With temperatures a touch below average, the week shaped up to be rather unsettled, with low pressure systems feeding cooler Atlantic air into the UK. Migrants continued to trickle through in small numbers but the period was otherwise uneventful.
The sole wildfowl representative of the week can be summed up in a single word: Garganey. One was on show at Stanwick GP from 31st until at least 5th and last week’s Daventry CP bird was still present on 1st.
Just one Cattle Egret was present at Stanwick GP on 2nd-3rd, while Pitsford Res produced a Great Egret on 31st plus two there on 4th and singles also visited Summer Leys LNR on 1st and Blatherwycke Lake on 5th.
After no reports at all last week, Ospreys made a bit of a comeback, with single birds at Stanford Res on 2nd, over Cottesbrooke on 3rd, Pitsford on 4th and at both Deene Lake and Hollowell Res on 5th.
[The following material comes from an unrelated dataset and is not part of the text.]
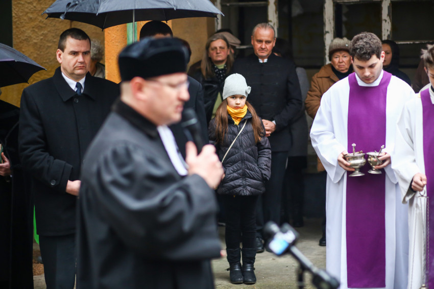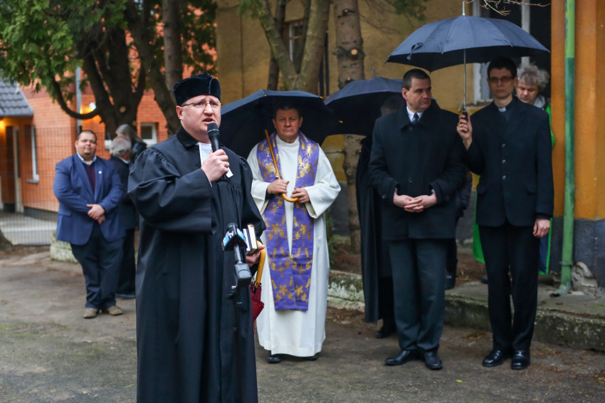 Eszlényi Ákos evangélikus lelkész a harmadik barakknál arra hívja fel a figyelmet, hogy a mai alkalom kiállás azért, hogy az ilyen szörnyűségek meg ne ismétlődjenek. Az emlékezésnek mindig megbocsátással és valami jobb felé való elindulással kell párosulnia, hogy a gyűlölet és mások elnémítása soha többé ne kapjon teret köztünk. Hiszen Isten egymásnak és egymásért teremtett bennünket.
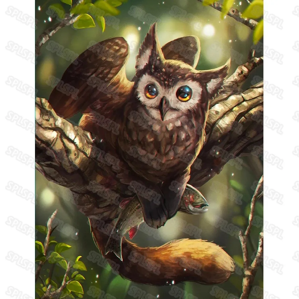 Алмазная живопись, животное, белая сова, квадратные алмазы, круглые...

Hollowell also produced an early morning Marsh Harrier on 3rd – they are rarely recorded from this site – and further individuals were seen briefly at Stanford on 2nd and Thrapston GP on 4th.


Last week’s Harris Hawk remained in Duston, Northampton on 1st, local intel revealing that it has escaped from a Daventry-based falconer and has been on the loose for the last twelve months!
On the wader front, Black-tailed Godwits dominated the week’s proceedings, with eight at Clifford Hill GP on 31st followed there by four on 6th. Elsewhere, six flew over Stanford on 31st and one was at Daventry CP on 1st. Curlews away from breeding sites were limited to two at DIRFT 3 A5 Pools on 31st and 3rd and a Ruff was also present there on 4th. Greenshank numbers were again surprisingly low, with just one at Stanford on 4th.
As we head into autumn proper, gull numbers are visibly on the up and, among them, the first juvenile Mediterranean Gull of the season appeared at Stanwick on 2nd. A count of thirty-two Yellow-legged Gulls at the latter site on 5th was considered to be conservative as prolific late summer vegetation on site considerably hampered viewing of some four to five hundred large gulls there at the time. Smaller numbers elsewhere throughout the period included up to eleven at DIRFT 3, up to three at Pitsford and one at Daventry. This week’s Caspian Gulls were equally divided between DIRFT 3 and Stanwick, the first of these two sites providing two different adults on 1st and 3rd – the latter bearing a German ring. Stanwick’s two consisted of a third- or fourth-summer from 3rd to 5th, joined by an adult there on the latter date.


To passerines … and four sites produced Common Redstarts this week, starting off with the long-staying female remaining at Lilbourne Meadows LNR until at least 4th. Elsewhere, up to three were seen at Blueberry Farm throughout the period, as was the same number at Harrington AF, where three were trapped and ringed on 2nd, and two were at Lamport on 5th. Other passerines reported were two Whinchats in the Brampton Valley below Hanging Houghton, between 2nd and 4th and one at nearby Blueberry Farm on 5th and, hot on the heels of last week’s first, came more Northern Wheatears.

One was in the Brampton Valley on 2nd and 4th, one lingered at Harrington AF from 3rd to 6th and one was found at Blueberry Farm on 5th.